On the 7th minute, the murmur turned into a bloodcurdling scream (the kind of scream painful to hear) and the picture was getting more obscure. Colors were happening that shouldn't have been possible at the time. Mickey's face began to fall apart. his eyes rolled on the bottom of his chin like two marbles in a fishbowl, and his curled smile was pointing upward on the left side of his face.
The buildings became rubble floating in midair and the sidewalk was still impossibly navigating in warped directions, a few seeming inconceivable with what we, as humans, know about direction. Mr. Maltin got disturbed and left the room, sending an employee to finish the video and take notes of everything happening up until the last second, and afterward immediately store the disc of the cartoon into the vault. This distorted screaming lasted until 8 minutes and a few seconds in, and then it abruptly cuts to the Mickey Mouse face at the credits of the end of every video with what sounded like a broken music box playing in the background.
This happened for about 30 seconds, and whatever was in that remaining 30 seconds I haven't been able to get a sliver of information about. From a security guard working under me who was making rounds outside of that room, I was told that after the last frame, the employee stumbled out of the room with pale skin saying "Real suffering is not known" seven times before speedily taking the guard's pistol and offing himself on the spot.
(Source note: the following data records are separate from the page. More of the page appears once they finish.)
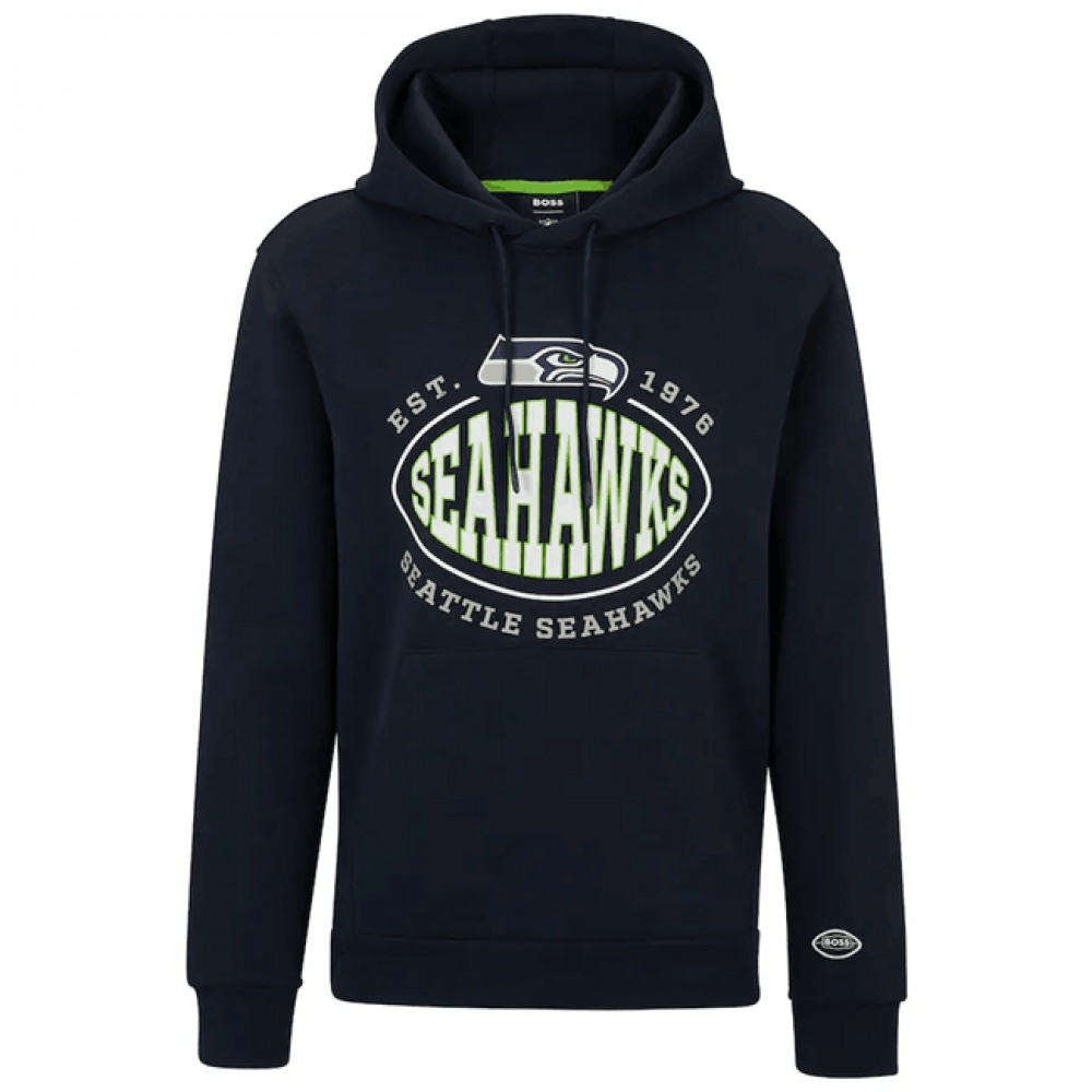 Men's Seattle Seahawks Navy BOSS X Touchback Pullover Hoodie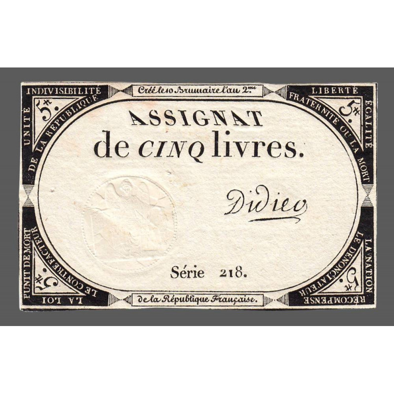 • Assignat 46a - 5 livres - 10 brumaire an 2 - Signature 30 - Etat : SUP
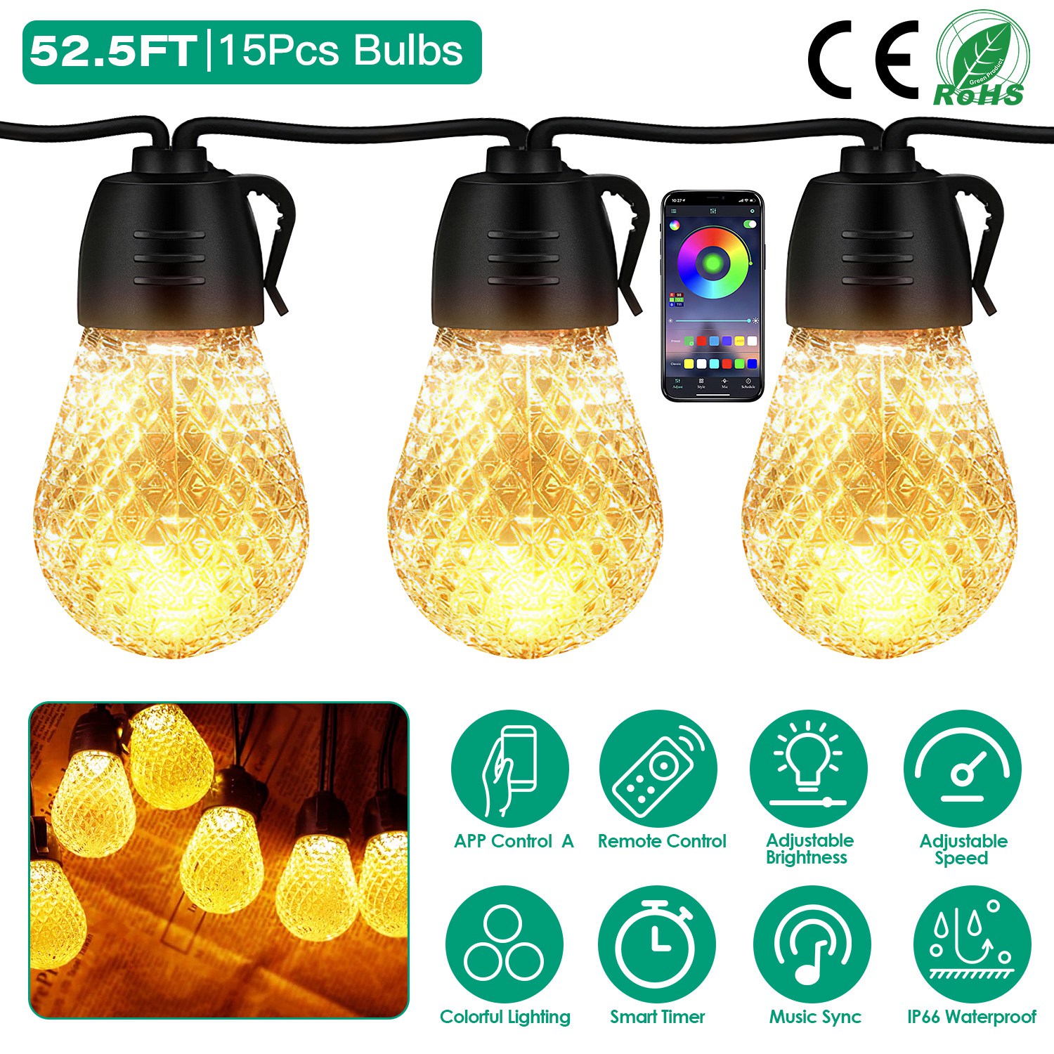 52.5FT Colorful Outdoor String Lights Smart RGB LED Patio Lights IP66 Waterproof Dimmable Hanging Light Bulbs with APP/ Remote Control 15 Bulbs 52.5FT Colorful Outdoor String Lights Smart RGB LED Patio Lights IP66 Waterproof Dimmable Hanging Light Bulbs with APP/ Remote Control 15 Bulbs 52.5FT Colorful Outdoor String Lights Smart RGB LED Patio Lights IP66 Waterproof Dimmable Hanging Light Bulbs with APP/ Remote Control 15 Bulbs 52.5FT Colorful Outdoor String Lights Smart RGB LED Patio Lights IP66 Waterproof Dimmable Hanging Light Bulbs with APP/ Remote Control 15 Bulbs 52.5FT Colorful Outdoor String Lights Smart RGB LED Patio Lights IP66 Waterproof Dimmable Hanging Light Bulbs with APP/ Remote Control 15 Bulbs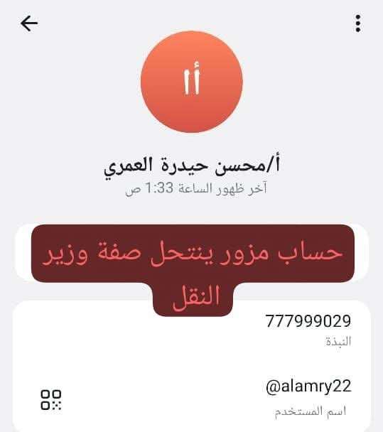 أصدر وزير النقل محسن حيدرة العمري تنويهاً مهماً حذر فيه من وجود حسابات وهمية تنتحل اسمه وصفته على منصات التواصل الاجتماعي.

The thing I could get out of Leonard Maltin was that the last frame was a piece of Russian text that roughly said "the sights of hell bring its viewers back in". As far as I know, no one else has seen it, but there have been dozens of attempts at getting the file on rapidshare by employees inside the studios, all of whom have been promptly terminated of their jobs.
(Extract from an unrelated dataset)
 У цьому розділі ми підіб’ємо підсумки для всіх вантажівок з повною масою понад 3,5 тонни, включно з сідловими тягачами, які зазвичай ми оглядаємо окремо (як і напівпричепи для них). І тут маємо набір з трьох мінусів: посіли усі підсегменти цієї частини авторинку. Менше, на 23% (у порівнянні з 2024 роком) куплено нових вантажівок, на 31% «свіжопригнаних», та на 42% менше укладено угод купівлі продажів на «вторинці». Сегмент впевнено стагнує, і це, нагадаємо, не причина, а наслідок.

Whether it got online or not is up for debate, but if rumors serve me right, it's online somewhere under "suicidemouse.avi". If you ever find a copy of the film, I want you to never view it, and to contact me by phone immediately, regardless of the time. When a Disney Death is covered up as well as this, it means this has to be something huge.
Get back at me,
I've yet to find a copy of this, but it is out there. I know it.

Creepypasta / Tourist Trap by Arachne
« on: 03/01/19, 06:47 PM »
In rural Wisconsin, there is an old abandoned park. Built in the 1920s, it served as the town’s gathering place for everyone.
That is, until a newly developed Train and Tunnel for Tots™ ride was installed in 1932. It was an innocent looking childish train, with one main (mechanized) head car, with three small trolleys pulled behind it. It went around some loops before going into a small tunnel.
But this is where the story gets weird. There were numerous cases of child deaths that year, all of them happening after the child rode on that train system. Some kids went missing in that short tunnel (about ten feet), and others went comatose after leaving. One, upon exiting, was found to be dead. Her dress was covered in what looked like small bloody handprints. Some killed themselves by scratching at their throats until they bled out, and one of them even killed another child before hanging herself with razor wire at the family’s farm.
The park was closed, and the town’s popularity as a tourist town plummeted.
Recently, a team of scientists were sent out to the park. They taped a video camera to the train, and put a new intern in with it, before sending it on its way onto the tracks.
When the train left the tunnel, it was empty, except for the camera.
The last ten seconds were nothing but static, save for the sound of children laughing.